From Daydreamer to Daydoer, The Edmonton Tourist Project

November 11, 2010 047
November 11, 2010 047 (Photo credit: matt44053)

I am nearing my 2 year anniversary of the Edmonton Tourist Project. The purpose of this project was to take risks, climb out of my depression and experience  no regrets. Looking back it boggles my mind what I different person I use to be. I had a resigned nature and attitude about things. I have spent countless hours reading about other people’s journeys. I have become an active member in the blog community, so much so – there are many bloggers who I have never met, yet I count as friends. I have learned there is no destination as long as you are still traveling. Making a conscious effort to be a tourist in my own life has opened up possibilities that I had never seen before.

November 11, 2010 (again with the 11 thing)I was Freshly Pressed. All that means was the choosers here at Word Press saw my post and thought it was funny enough to place on the front cover of the WordPress Blog Site. I received close to 2000 hits that day, 50 subscribers in a single day and hundreds of comments. It was a real Rock Star moment. Looking back, that moment was fairly significant for a couple of reasons.

  1. It convinced me that I can do the impossible – or what I perceived as impossible
  2. It made connections with people I never would have otherwise known, and in return I have learned great lessons and made spectacular friends. Not just blog friends, but actual human beings who I can look in the eye and touch their hands.
  3. It taught me that everything and everyone has a story that should be told. It is from stories that I learn great things from.

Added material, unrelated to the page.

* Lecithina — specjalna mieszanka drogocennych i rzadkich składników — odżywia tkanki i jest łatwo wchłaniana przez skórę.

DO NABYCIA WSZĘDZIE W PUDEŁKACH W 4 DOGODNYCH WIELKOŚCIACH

I remember November 11th ever well. It was a stat holiday here so I was having a long lay-in that morning. Snuggled up and daydreaming. (I was a great daydreamer – I am a great daydoer now) when at 8:00AM my emails start going crazy. My first one was from Chef – She was from Edmonton too only now lived in Texas. I found it odd that she stumbled onto my blog.  Since then, we have commented back and forth and I even won a contest she hosted! The list of commenters grew. Then another Edmonton commenter found me.

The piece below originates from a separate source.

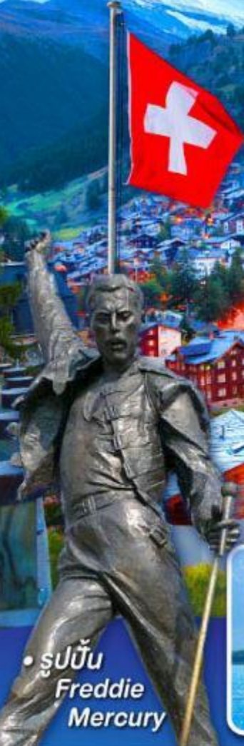
• รูปปั้น Freddie Mercury

พีชิต 5 เจริญ, เชาฮาร์เคอร์คุม, เชาจุงเฟรา เชาคลาเชียร์ 3000 และ เชากรอนเนอร์แกรต

Her name was Audrey. She was blogging from Edmonton and was struggling with the day to day problems of cancer. She was determined not to be angry but to embrace every moment she had left. She spent spare moments in nature photographing the beautiful river valley, she took art classes at the Art Gallery and she spent quality time with friends and family. Her journey was more than a day to day struggle. I learned that you don’t get moments back. She inspired me to take risks with people. Tell them the good things I think about them as they pop into my head. This has not always been welcomed, but I have no regrets about it. It doesn’t always turn out the way I hope, I get rejected in friendship – but they go away knowing I like and care about them. Some people just aren’t ready for someone to think highly of them. Sad – but true. Audrey embraced the Edmonton Tourist Spirit, always thinking of the next risk and how it would effect those around her. Kindness and compassion enveloped her.

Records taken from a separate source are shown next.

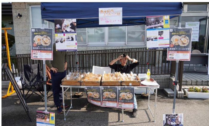
まちあそび部からは「燕背脂ラーメンおにぎり」の販売もありました。
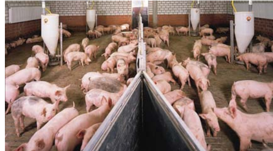
Mit VILO-Vital gefütterte Ferkel zeigen ein hohes Leistungspotential.
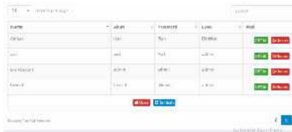
Gambar.6. Form data admin

Dari gambar diatas menampilkan manfaat dari form data admin yaitu untuk menghapus, menambah dan mengedit data admin
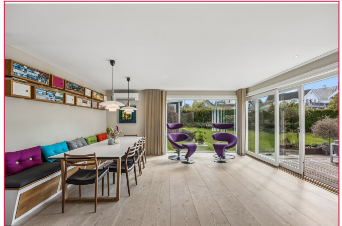
Stue med store vindusflater og skyvedør ut til terrassen
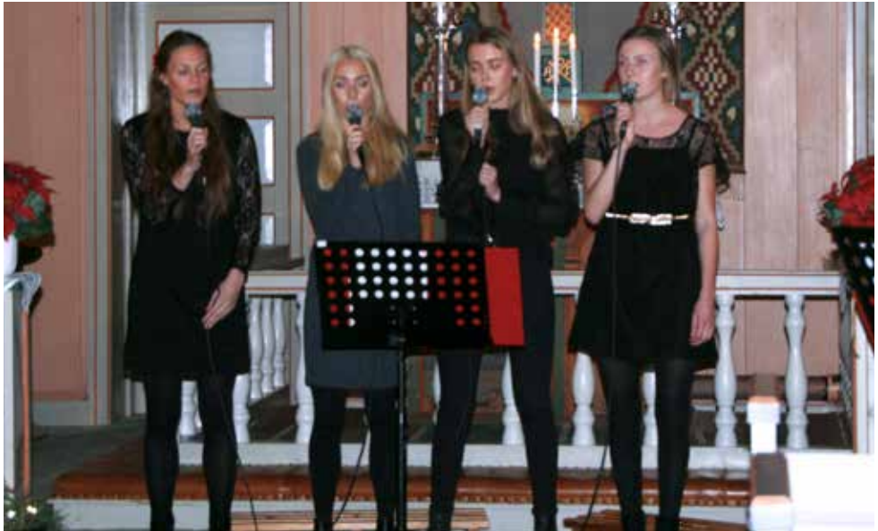
The reason we sing
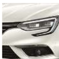
Blanc Nacré (QNC)
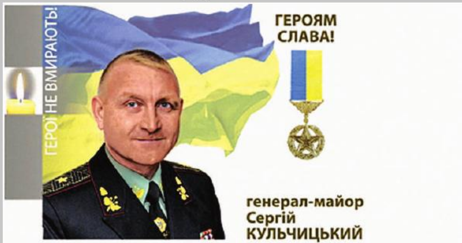
генерал-майор Сергій КУЛЬЧИЦЬКИЙ

З 2005 по 2010 рік посаду командира Галицького з'єднання обіймав Сергій Кульчицький. В житті нечасто так буває, коли підлеглі готові йти у вогонь і в воду за своїм начальником, але у цьому випадку все так і було. Коли полковник Кульчицький пішов на підвищення до Головного управління і одягнув генеральські погони, в бригаді продовжували пильно слідкувати за його успіхами і щиро ним радіти. Трагічна загибель Сергія Петровича стала непоправною втратою для всього особового складу з'єднання.

Audrey passed over yesterday morning at 9:38 am surrounded by those she loved and who loved her back. We all should be so lucky. This is an excerpt of her final post:

Thank you to everyone for your support and caring.

 

I started the blog as a record of my journey for my family but it has become much larger than that, it became a helping tool for those in a similar journey. I am grateful if I have been helpful in anyway. I leave you with the encouragement for you and your loved ones to visit your family doctor regularly. Know that you are your own advocate, and don’t accept no as an answer.

 

I don’t know where I would be without my family. The love and support they have shown me has made my journey so much easier than I know it could have been. I am not sure I would have lived this long without them. They accepted my bumps and challenges along the way. They responded quickly to my needs and they gave me meaning to the term unconditional love. I wish I had another 40 years to return to them.

 

I love you all, take care of yourselves and each other.

 

See you in the funny papers.

 

Love Audrey

Thank you for the life lessons Audrey. I shall miss you.